Kaldi works best with a specific directory structure with specific files at specific places. Here's the structure that we're using:

.
├── audio
│   ├── csalt
│   ├── csalt_transcription.txt
│   ├── rumi
│   └── rumi_transcription.txt
├── conf
│   └── mfcc.conf
│   ├── decode.config
├── data
│   ├── local
│   │   ├── corpus.txt
│   │   └── lang
│   │       └── lexicon.txt
│   ├── test
│   └── train
├── local
│   └── score.sh
├── cmd.sh
├── path.sh
├── prep.sh
├── mfcc_cmvn.sh
├── mono.sh
├── tri1.sh
├── tri2.sh
└── tri3.sh
├── sgmm2.sh
├── mmi_sgmm2.sh
├── qoul.ipynb

audio - Contains our speech data in form of wav files sampled at 16000Hz. Also contains the transcription files which map each wav file to their corresponding text counterpart. audio/csalt & audio/rumi are placeholder directories in which you should place the wav files from the public download links in the above section. Refer below for further instructions.
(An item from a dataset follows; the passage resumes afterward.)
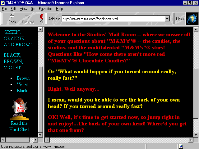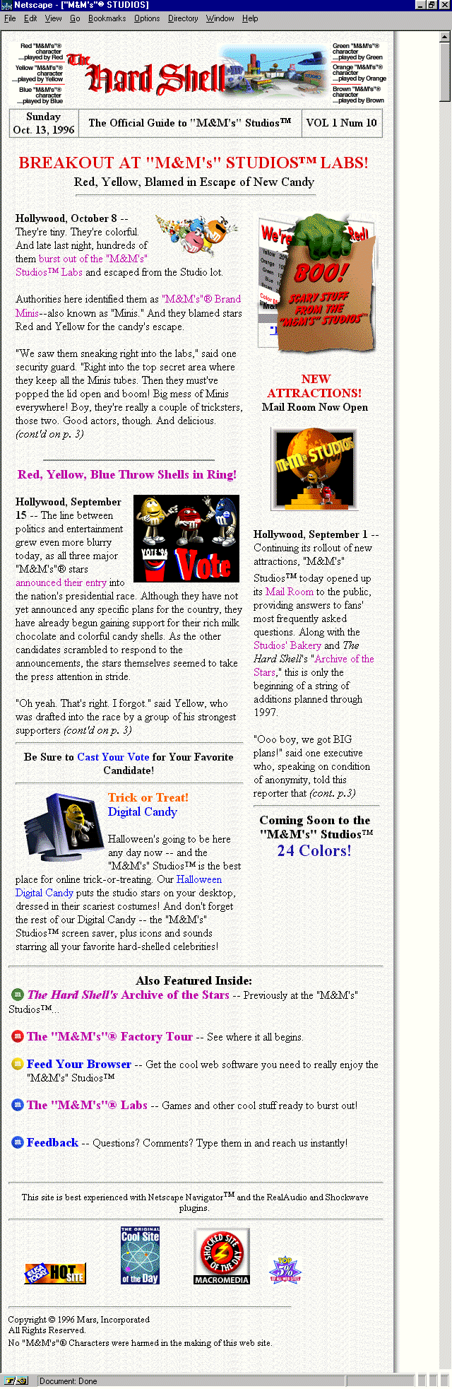 opening with an animated M&M character criticizing my screen, telling me it's filthy and dusty! Move to the "official" site guide for more fun and Web site details. Done in a newspaper style, this area is aptly named "The Hard

conf - Contains configuration files. By default it contains mfcc.conf & decode.config which contain config parameters for MFCC feature extraction and decoding processes.

data/local - Contains corpus.txt, a giant corpus of Urdu sentences used to build our language model (using SRILM). data/local/lang/lexicon.txt is a file that maps each and every word in our speech data to a phonetic transcription.

local - Contains score.sh, a script used in decoding. It is copied from the wsj example provided by Kaldi.

cmd.sh & path.sh - Contains some tunable parameters and paths for the following scripts.

prep.sh - Validates the data directory and creates a language model.

mono.sh, tri1.sh, tri2.sh, tri3.sh, sgmm2.sh, mmi_sgmm2.sh - Scripts to train different ASR models.

qoul.ipynb - A notebook that you can run to train a Kaldi model. Refer below for further instructions.

NOTE: A plethora of directories and files will be created when training Kaldi. The above structure is just a preset required by Kaldi.

Instructions (Ubuntu 16.04+)

Installing Dependencies

sudo apt install automake autoconf sox libtool subversion gawk

Installing Kaldi

You need to download and compile/install kaldi. (Psst, it takes awfully long). Follow this link or just execute the commands below.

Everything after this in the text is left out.